4. At least occasionally, you must rush off to school/college/work on an empty stomach because you got up too late to have breakfast 
5. Finally, you must NEVER post in this thread before midnight


----------



## ico (Jan 26, 2010)

Forum is dead.


----------



## pimpom (Jan 26, 2010)

So it seems. A pity, really. It's partly because the novelty has worn off, and there are alternative forums. But IMO the main reason is that it was allowed to run in a mess for too long due to mismanagement.


----------



## eggman (Jan 26, 2010)

Watched this film VIDEODROME and searching about it from last two hours!!
What a strange film!


----------



## hellknight (Jan 26, 2010)

no its not... i'm back


----------



## ico (Jan 26, 2010)

I'm the only one online. Along with the guests.


----------



## vamsi_krishna (Jan 26, 2010)

I am the only one here online along with ico


----------



## pimpom (Jan 26, 2010)

Stop bragging, you two. I'm still here.


----------



## vamsi_krishna (Jan 26, 2010)

^ Not any more.. You are gone now. I am lonely now


----------



## pimpom (Jan 27, 2010)

What? No one awake? RISE AND SHINE, SLEEPYHEADS!!!!


----------



## ico (Jan 27, 2010)

Well, I'm always awake during night. Studying and mostly over IRC.

*webchat.freenode.net

*Channel:* #krow


----------



## SunnyChahal (Jan 27, 2010)

^
Reporting sir!


----------



## pimpom (Jan 27, 2010)

All right, Private Sunny. Sit up straight. Don't slouch in you seat. Better yet, stand up and march - left, right, left, right, left, right.............


----------



## SunnyChahal (Jan 27, 2010)

Aye aye sir!


----------



## ico (Jan 27, 2010)

The only user online.


----------



## eggman (Jan 27, 2010)

I can't get awake once I sleep!!! maybe I'm Outsomniac !!
lol


----------



## p_dude (Jan 27, 2010)

pimpom said:


> Yo, right here! I was gone from TDF for about 4 months because I was concentrating on some projects.
> 
> Nice to know that someone noticed my absence. I see that TDF has undergone some overhauling during my absence. It seems I have a lot of catching up to do.
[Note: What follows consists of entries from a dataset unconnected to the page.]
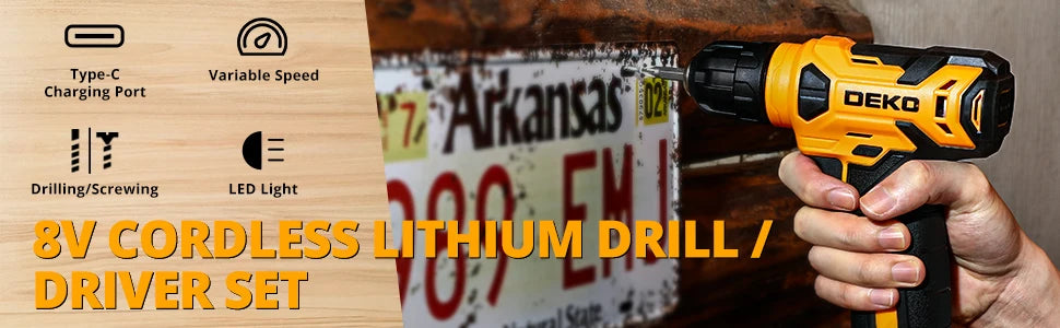 DEKO 126 Stück Elektrowerkzeug-Kombi-Sets, 10 mm, 3/8 Zoll Schnellspannbohrfutter, mit 8 V Akku-Bohrschrauber, professionelle Heim- und Haushalts-DIY-Handwerkzeug-Sets
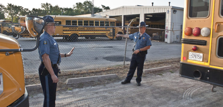 Troopers will check the buses from the middle of July until the beginning of the school session to make sure the vehicles will load, transport, and unload students safely. A few of the things troopers will be checking are the lights, emergency exits, tires, windshield wipers, fire extinguishers, first aid kits, and emergency spill kits.
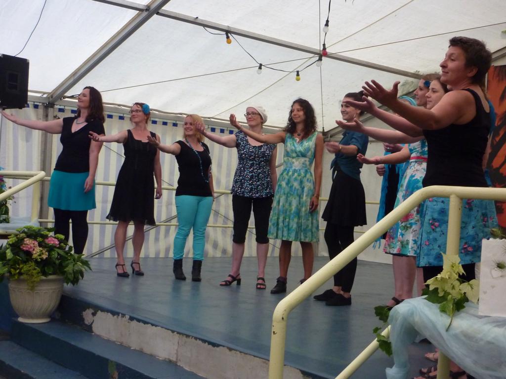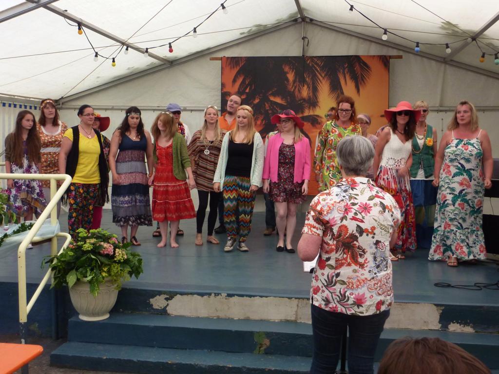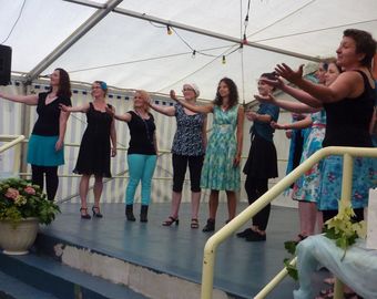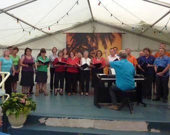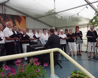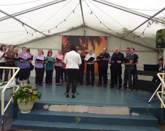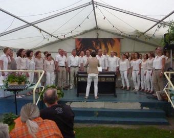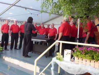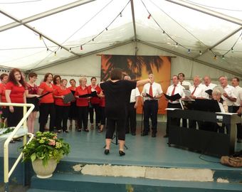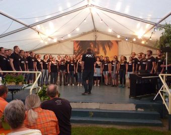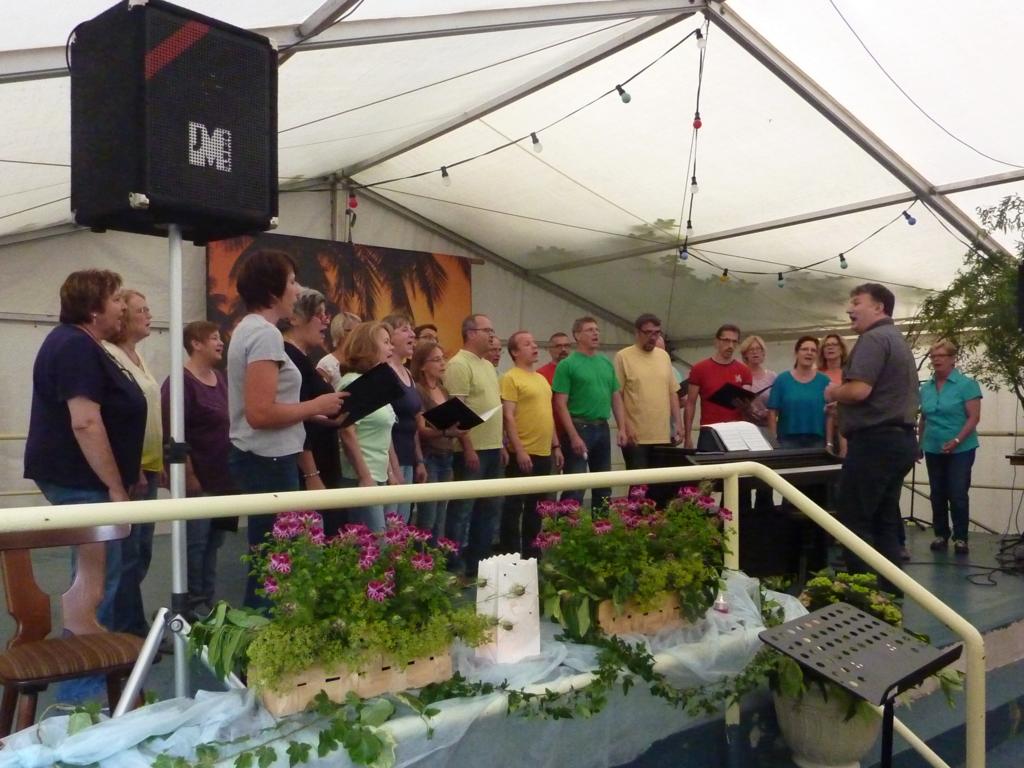 Am Sonntagabend war Einsingen unseres Chores im schönen Garten von Vreni und Norbert, danke für die Erfrischung. So vorbereitet eröffneten wir um 18.00 Uhr mit drei Liedern den "Abend der modernen Chöre". Maika Torge übernahm hier in bester Manier, mit musikalischen Anekdoten und Fragen zu traditionellem Liedgut an die jungen Chöre, die Moderation - super, danke Maika! Mit den Chören "da Capo" (Liederkranz Graben), "die Vocaleras" (Frauenchor aus Karlsruhe), Mikadochor (Nordstadt Karlsruhe), "Klinikchor" (Städtisches Klinikum Karlsruhe) "Gsang for fun" (Sängerbund/Liederkranz Heidelsheim), "Coro minuetto" (Sängerbund Linkenheim)und "JCK-das setzt sich" (KIT Campus Süd) hatten wir ein Programm, das viele Herzen höher schlugen ließ. Jeder Chor präsentierte sich wunderbar auf seine Weise und man konnte die Bandbreite der modernen Chormusik erahnen. Das war wirklich ein Highlight unseres Festes!

nice to you see you're back again


----------



## ico (Jan 30, 2010)

*img42.imageshack.us/img42/4548/page1jm.jpg


----------



## azzu (Feb 3, 2010)

hey ya !!-----------


----------



## zyberboy (Feb 3, 2010)

^^LoooooooL   nice work gagan ,that thread was classic


----------



## SunnyChahal (Feb 3, 2010)

ico said:


> *img42.imageshack.us/img42/4548/page1jm.jpg



Comic Life?


----------



## ico (Feb 3, 2010)

^ obviously.


----------



## rhitwick (Feb 3, 2010)

Wat r u guys doing here in day...???


----------



## SunnyChahal (Feb 3, 2010)

@ico, You bought it or what?

@rhitwick, We are poor day dwellers..


----------



## ico (Feb 4, 2010)

^ yes......


----------



## hellknight (Feb 4, 2010)

Namaste, Night People..


----------



## goobimama (Feb 4, 2010)

Who are you and what have you done with my lemonade?


----------



## hellknight (Feb 4, 2010)

hey hey... look who's back.. i think that i'm gonna miss my Smoking Apples' newsletter today..


----------



## rhitwick (Feb 4, 2010)

I kinda had a sleepless night today...
Installed KIS2010 and neither IE nor FF was able to connect to internet. I was fighting to fix it till 3.30A.M and then lost hope, was thinking about even formatting PC...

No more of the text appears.